A government source disclosed on Sept. 12 that two seismic activities were detected on the night of Sept. 8 and the early morning of Sept. 9, from the explosion at Kim Hyong-jik County, Yanggang Province, N. Korea. One explosen was about three times larger (appr. 3kms!! blast radius) than the Ryongchon explosion from April this year (1km radius).
According to the source, both S. Korean and Chinese earthquake monitoring stations picked up from Yanggang Province area of N. Korea, " seismic activities presumably related to two explosions, one at 11:00 pm on 09/08, and the other at 1:00 am on 09/09." Two successive explosions only 2 hours apart. That does not look like a nuklear test. According to the PR activities this points more towards a deliberate 'sabotage' to stirr up some public awareness towards some 'atomic blahblah'...
Earlier, another key government figure stated: "The incident occurred on the night of 09/08. Our government [South Korean] noticed a sign of trouble on the early morning of 09/09. That is pretty close to what happened. Before the mushroom cloud was observed on the morning of 09/09, we detected another sign of trouble."

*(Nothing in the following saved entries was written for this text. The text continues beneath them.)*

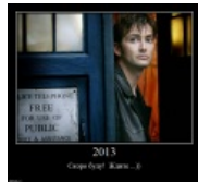
Скоро буду! Ждите...))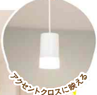
アクセントクロスに映える

01 アクセントクロスが可愛いLDK ナチュラル×アクセントクロスで大人可愛い空間!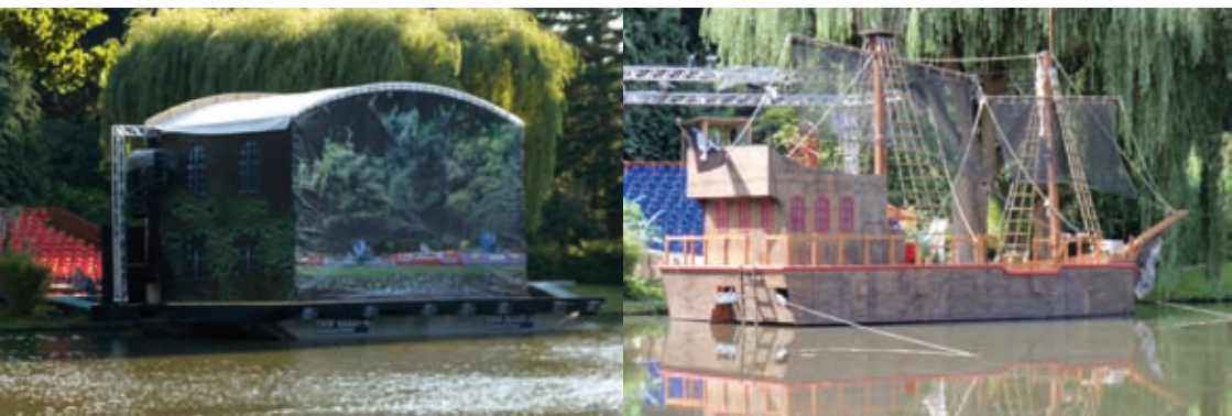
Die Bühne auf der Insel Siebenbergen, 2008 und 2009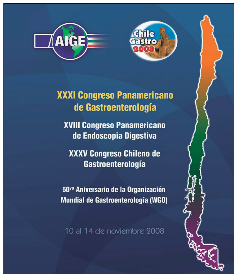
Fotografía 4. XXXI Congreso Panamericano de Gastroenterología.

El libro de bolsillo "Normas de Diagnóstico y Tratamiento de Enfermedades Digestivas" fue publicado por primera vez el año 1989, bajo la presidencia del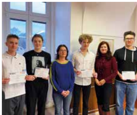
Účastníci letošní ekonomické olympiády se svými diplomy.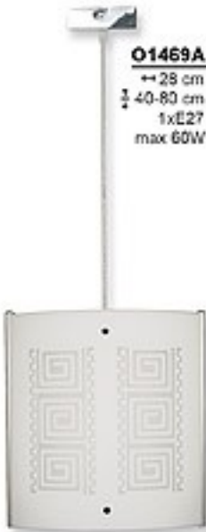
O1469A ↔ 28 cm ↔ 40-80 cm 1xE27 max 60W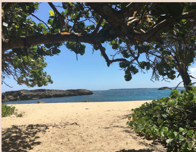
Puerto Rico. (Olga A. Figueroa Miranda).

ban a sentir esperanza. Las ayudas internas iniciaron la creación de programas y fundaciones, las comunidades comenzaron a organizarse por el bien común de ayudar a Puerto Rico a levantarse, a renacer. El sentido patriota brota en los puertorriqueños que viven en la isla. Nunca antes se había visto algo similar. Ahora se va por la calle viendo a miles de puertorriqueños ondeando su bandera en los coches, colocando la bandera en las casas, con pegatinas o camisetas entre otros tantos artículos. En medio de la catástrofe ¡le surgió al boricua sentido de pertenencia a su patria! Entre las iniciativas se encuentran Unidos por Puerto Rico, organización creada por la primera dama del país, señora Beatriz Rosselló, que recaudó 4,2 millones con un teletón para ayudar a damnificados del huracán María (Univisión Puerto Rico, 2017); Cáritas Puerto Rico junto a Iniciativa Puerto Rico España enviaron desde España cincuenta y cuatro cajas con medicamentos; Fundación Comu-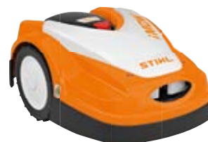
iMOW® MÄHROBOTER RMI 422 P

Vollautomatischer Mähroboter für Rasenflächen bis 1.500 m 2 . Schneidet, zerkleinert und düngt als Mulchmäher in einem Arbeitsgang. Schnittbreite: 20 cm, max. Steigung: 40 %.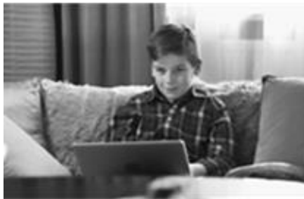
Rys. 1. Dobra Szkoła MEN – programowanie

Coraz większa oferta online różnego rodzaju pomocy dydaktycznych z zakresu nauki programowania, odpowiada chociażby na zmiany wprowadzone przez Ministerstwo Edukacji w ramach ostatniej reformy systemu oświaty. Od września 2017 r. elementy programowania są stałym elementem kształcenia już od I klasy szkoły podstawowej, a od klasy IV zwiększona została liczba godzin informatyki.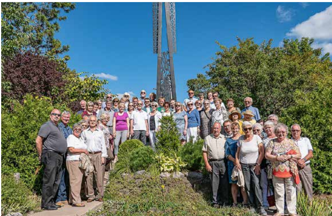
Maldininkai prie lietuviško kryžiaus Midlando Kanados kankinių šventovės šventoriuje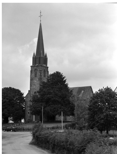
Le clocher : vue générale ouest IVR53_19943501051X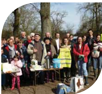
J'aime la Loire propre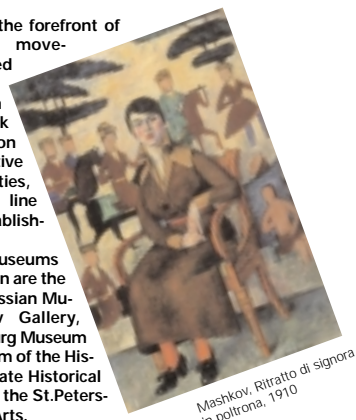
Mashkov. Ritratto di signora in poltrona, 1910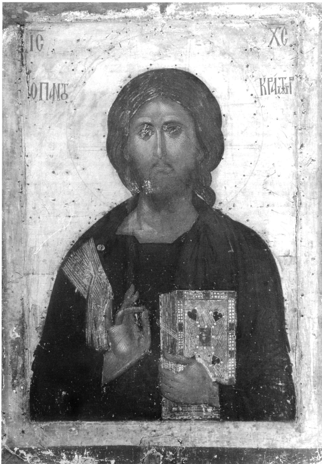
Εικ. 1. Άγιον Όρος, μονή Παντοκράτορος. Χριστός Παντοκράτορας.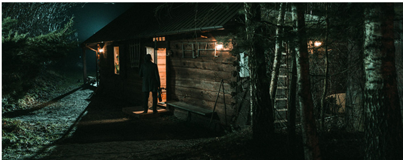
Kadr z filmu „Jestem REN”

wszystkich na wyjazd do ośrodka na wspólną terapię. Kobiecie wydaje się, że padła ofiarą podstępu męża, który spiskuje przeciwko niej z ogromną, międzynarodową korporacją, próbując się jej pozbyć. Gdy w trakcie sesji terapeutycznej Renata przyznaje, że tak naprawdę to ona jest REN - najwyższej klasy android, sprawy jeszcze bardziej się komplikują. Kobieta czuje się osaczona i nie wie komu może zaufać. Gdy poznaje Elę (Marieta Żukowska), która ostrzega ją i mobilizuje do ucieczki, Renata postanawia walczyć o swoje życie i uciec z synem za wszelką cenę. Tylko czy z miejsca w którym się znalazła, jest w ogóle możliwa ucieczka? Kim tak naprawdę jest REN i jaką tajemnicę skrywa? Czy jej rodzina jest gotowa na bolesną prawdę?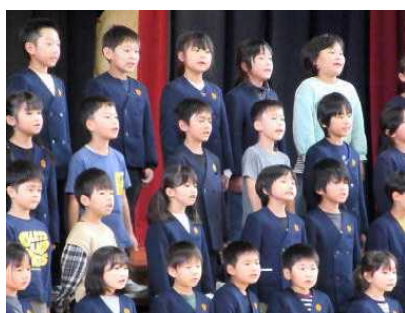
2 年 生

From the NY-TIMES of 09/12/2004:
"...a series of actions by North Korea that some experts believe could indicate the country is preparing to conduct its first test explosion of a nuclear weapon.

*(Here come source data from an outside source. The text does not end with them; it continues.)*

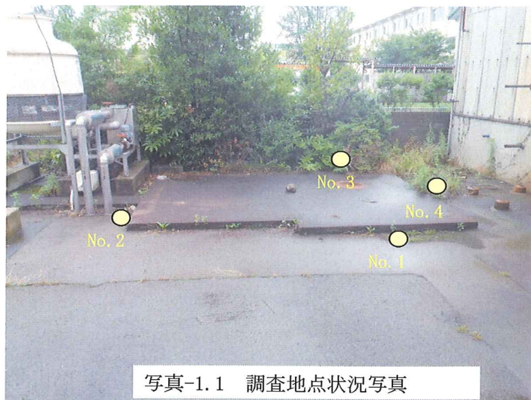
写真-1.1 調査地点状況写真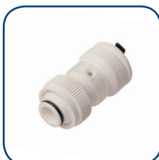
19SK Ø 16-20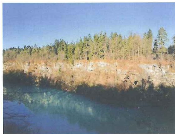
Slika 3: reka Sava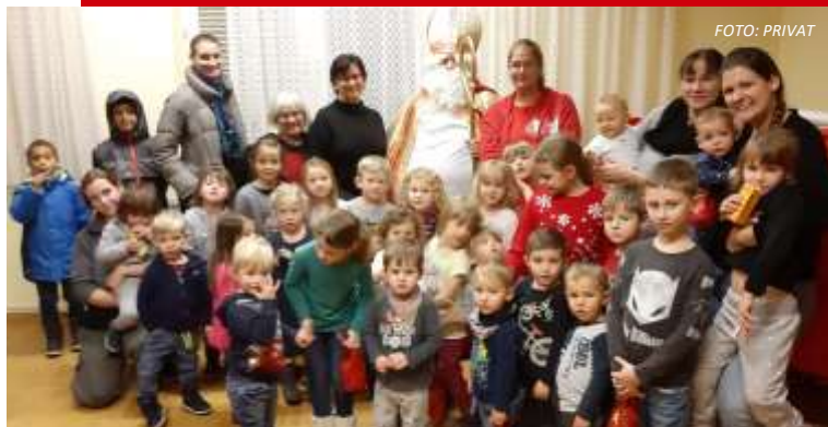
Die Kinderfreunde brachten den Nikolo wieder nach Gänserndorf Stadt und Süd

Am 06.12.2019 war der Nikolaus wieder im Volkshaus in Gänserndorf Stadt zu Besuch. Vorab war der Kasperl zum Lachen und danach der Krampus zum Fürchten. Mit knapp 90 Kindern war die Veranstaltung ein voller Erfolg für Groß und Klein. Das Team der Kinderfreunde verwöhnte die Gäste mit Popcorn, Süßigkeiten, Würsteln und Kuchen. Das ließen sich natürlich auch unsere SPÖ-Mandatare nicht entgehen.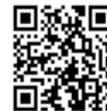
"List of Vaccination Subsidy Scheme Participating Doctors"

Under the Vaccination Subsidy Scheme (VSS) of DH, children who are Hong Kong residents are eligible to receive SIV, with Government subsidy, from private doctors enrolled in VSS. Doctors participating in VSS may or may not charge a service fee. Please refer to the "List of Participating Doctors" to see whether the individual doctor charges service fee, the amount they charge and their address ( https://apps.hcv.gov.hk/SDIR/EN/index.aspx ).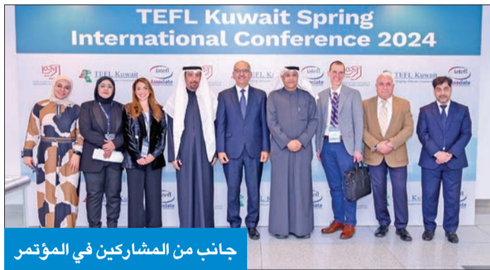
جانب من المشاركين في المؤتمر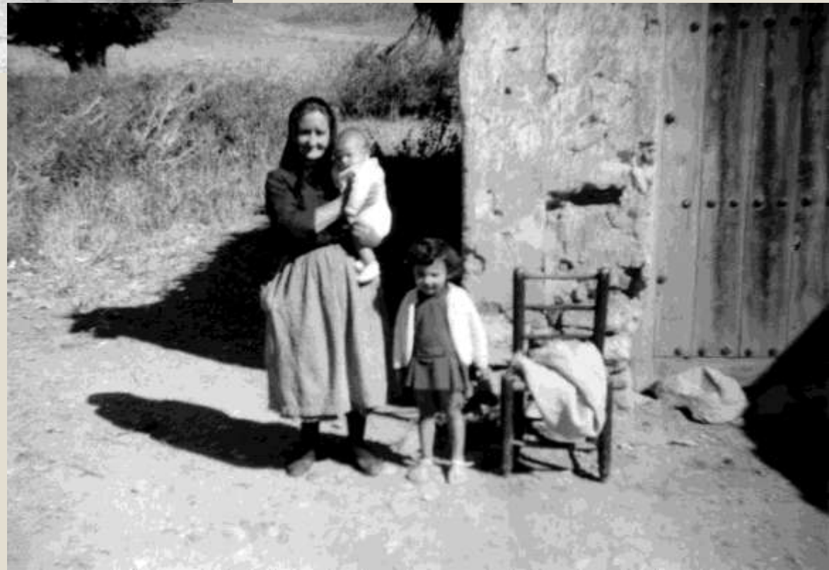
Abuelas con niños, al lado de la Rambla.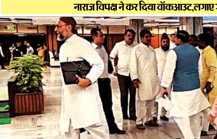
नाराज विपक्ष ने कर दिया वॉकआउट, लगाए गंभीर आरोप

नई दिल्ली (एजेंसी)। वक्फ (संशोधन) विधेयक 2024 को लेकर संयुक्त संसदीय समिति की बैठक में एक बार फिर पक्ष और विपक्ष के नेताओं के बीच टकराव देखने को मिला। विपक्षी नेताओं का कहना है कि बीजेपी के एक सदस्य ने उनपर आपत्तिजनक टिप्पणी की है। इसके बाद विपक्ष के नेताओं ने वॉकआउट कर दिया। इससे पहले सोमवार को भी विपक्ष के नेताओं ने वॉकआउट कर दिया था। बैठक के दौरान बीजेपी सांसद निशिकांत दुबे, दिलीप सैकिया, अभिजीत गांगुली और टीएमसी सांसद कल्याण बरजी, कांग्रेस के गौरव गोरोई के बीच तीखी बहस हो गई। वक्फ बोर्ड में महिलाओं को शामिल करने को लेकर इन लोगों में तीखी बहस हुई। विपक्षी नेताओं का

Some analysts in agencies that were the most cautious about the Iraq findings have cautioned that they do not believe the activity detected in North Korea in the past three weeks is necessarily the harbinger of a test.
One official with access to the intelligence called it "a series of indicators of increased activity that we believe would be associated with a test,..." saying that the "likelihood" of a North Korean test had risen significantly in just the past four weeks. The activities included the movement of materials around several suspected test sites, including one near a location where intelligence agencies reported last year that conventional explosives were being tested that could compress a plutonium core and set off a nuclear explosion. But officials have not seen the classic indicators of preparations at a test site, in which cables are laid to measure an explosion in a deep test pit..."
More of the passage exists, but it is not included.